[RECORDS SHOWN Boundary: Start]

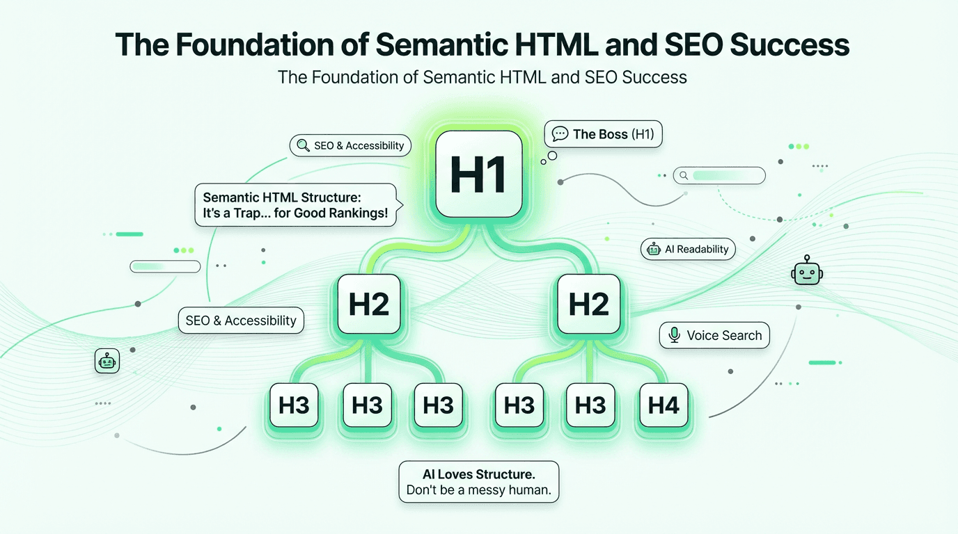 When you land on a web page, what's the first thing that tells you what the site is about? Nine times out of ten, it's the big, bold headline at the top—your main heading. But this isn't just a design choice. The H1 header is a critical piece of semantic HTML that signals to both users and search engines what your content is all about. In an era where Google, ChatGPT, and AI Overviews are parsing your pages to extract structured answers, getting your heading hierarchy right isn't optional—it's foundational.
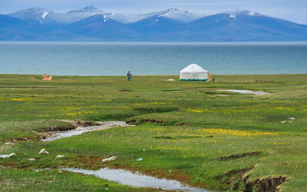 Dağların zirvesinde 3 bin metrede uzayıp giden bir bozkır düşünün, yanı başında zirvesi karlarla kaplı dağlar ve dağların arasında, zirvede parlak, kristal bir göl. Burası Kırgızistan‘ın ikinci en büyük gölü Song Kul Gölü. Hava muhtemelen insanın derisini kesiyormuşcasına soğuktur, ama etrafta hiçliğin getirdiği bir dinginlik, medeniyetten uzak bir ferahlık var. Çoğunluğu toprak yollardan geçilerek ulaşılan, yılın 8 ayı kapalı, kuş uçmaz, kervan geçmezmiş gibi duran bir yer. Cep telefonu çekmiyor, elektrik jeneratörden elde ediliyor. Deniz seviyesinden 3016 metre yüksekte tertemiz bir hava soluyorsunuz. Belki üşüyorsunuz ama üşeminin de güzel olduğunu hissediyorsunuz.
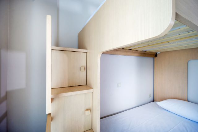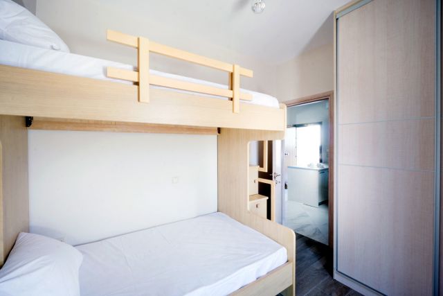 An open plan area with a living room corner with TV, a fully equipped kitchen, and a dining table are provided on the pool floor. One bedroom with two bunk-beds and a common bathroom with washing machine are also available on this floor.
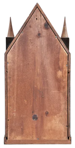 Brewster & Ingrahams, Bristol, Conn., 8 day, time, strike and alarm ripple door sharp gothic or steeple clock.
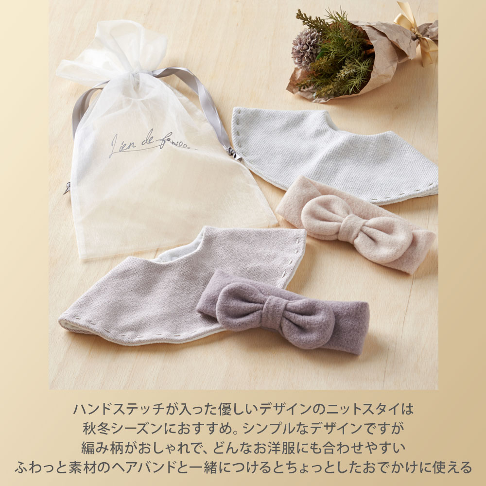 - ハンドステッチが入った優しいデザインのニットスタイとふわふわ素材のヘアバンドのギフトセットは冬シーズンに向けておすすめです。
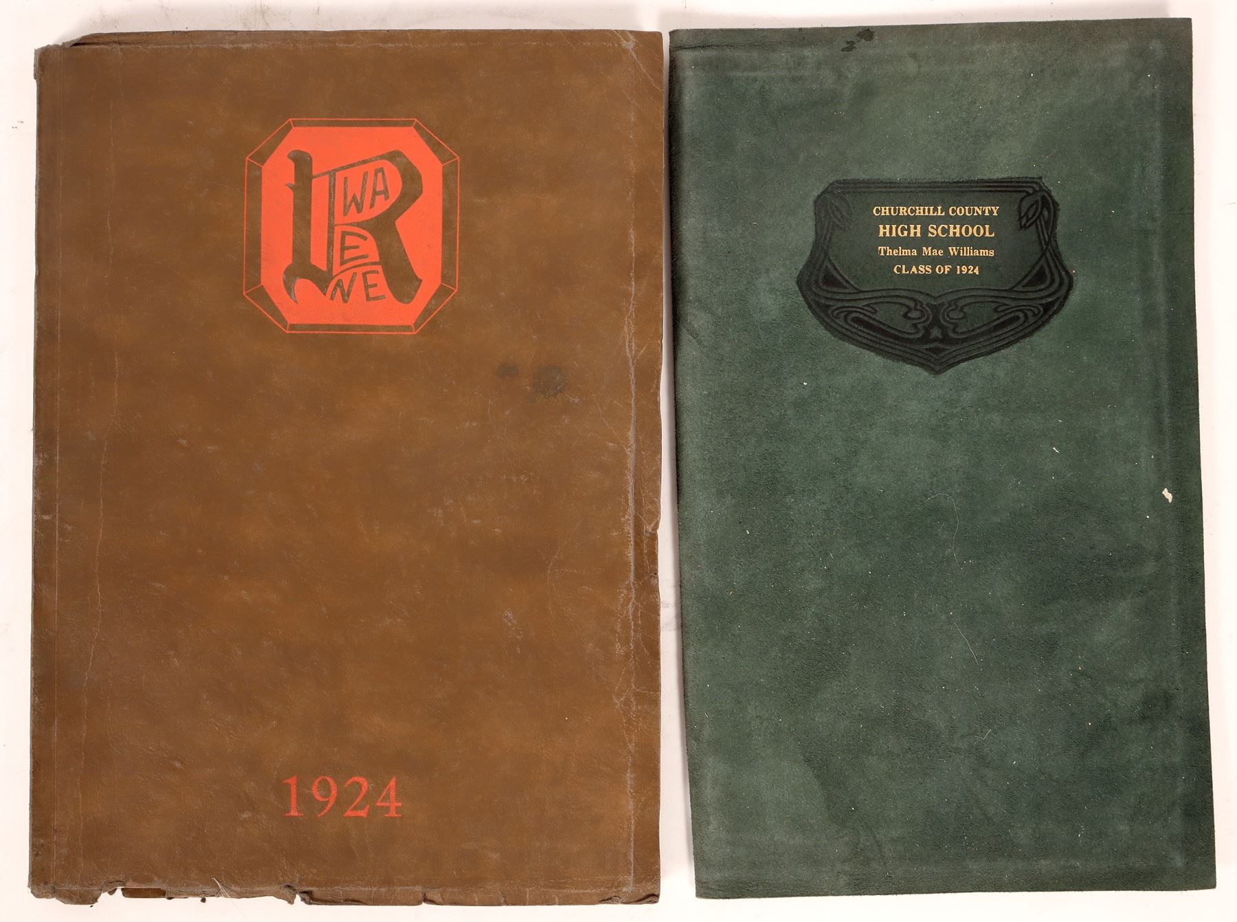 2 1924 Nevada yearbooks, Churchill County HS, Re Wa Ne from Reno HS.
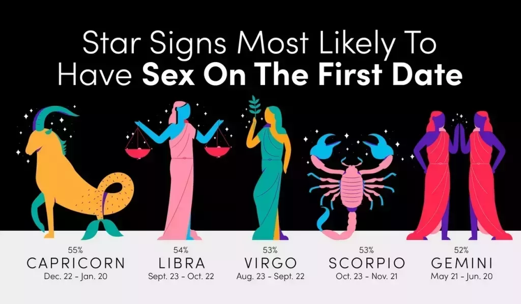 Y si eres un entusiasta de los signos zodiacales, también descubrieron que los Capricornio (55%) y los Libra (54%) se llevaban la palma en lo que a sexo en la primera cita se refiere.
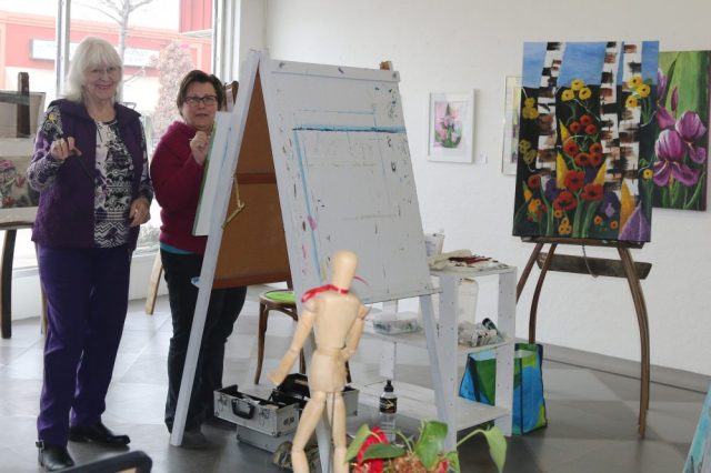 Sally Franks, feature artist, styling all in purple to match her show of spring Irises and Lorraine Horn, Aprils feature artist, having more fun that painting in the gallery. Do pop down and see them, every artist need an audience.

[RECORDS SHOWN Boundary: End]

WHAT YOU ARE ASKED TO DO:
Repeat the data exactly, excluding the pictures.

ANSWER TO THIS EXERCISE:
 When you land on a web page, what's the first thing that tells you what the site is about? Nine times out of ten, it's the big, bold headline at the top—your main heading. But this isn't just a design choice. The H1 header is a critical piece of semantic HTML that signals to both users and search engines what your content is all about. In an era where Google, ChatGPT, and AI Overviews are parsing your pages to extract structured answers, getting your heading hierarchy right isn't optional—it's foundational.
 Dağların zirvesinde 3 bin metrede uzayıp giden bir bozkır düşünün, yanı başında zirvesi karlarla kaplı dağlar ve dağların arasında, zirvede parlak, kristal bir göl. Burası Kırgızistan‘ın ikinci en büyük gölü Song Kul Gölü. Hava muhtemelen insanın derisini kesiyormuşcasına soğuktur, ama etrafta hiçliğin getirdiği bir dinginlik, medeniyetten uzak bir ferahlık var. Çoğunluğu toprak yollardan geçilerek ulaşılan, yılın 8 ayı kapalı, kuş uçmaz, kervan geçmezmiş gibi duran bir yer. Cep telefonu çekmiyor, elektrik jeneratörden elde ediliyor. Deniz seviyesinden 3016 metre yüksekte tertemiz bir hava soluyorsunuz. Belki üşüyorsunuz ama üşeminin de güzel olduğunu hissediyorsunuz.
 An open plan area with a living room corner with TV, a fully equipped kitchen, and a dining table are provided on the pool floor. One bedroom with two bunk-beds and a common bathroom with washing machine are also available on this floor.
 Brewster & Ingrahams, Bristol, Conn., 8 day, time, strike and alarm ripple door sharp gothic or steeple clock.
 - ハンドステッチが入った優しいデザインのニットスタイとふわふわ素材のヘアバンドのギフトセットは冬シーズンに向けておすすめです。
 2 1924 Nevada yearbooks, Churchill County HS, Re Wa Ne from Reno HS.
 Y si eres un entusiasta de los signos zodiacales, también descubrieron que los Capricornio (55%) y los Libra (54%) se llevaban la palma en lo que a sexo en la primera cita se refiere.
 Sally Franks, feature artist, styling all in purple to match her show of spring Irises and Lorraine Horn, Aprils feature artist, having more fun that painting in the gallery. Do pop down and see them, every artist need an audience.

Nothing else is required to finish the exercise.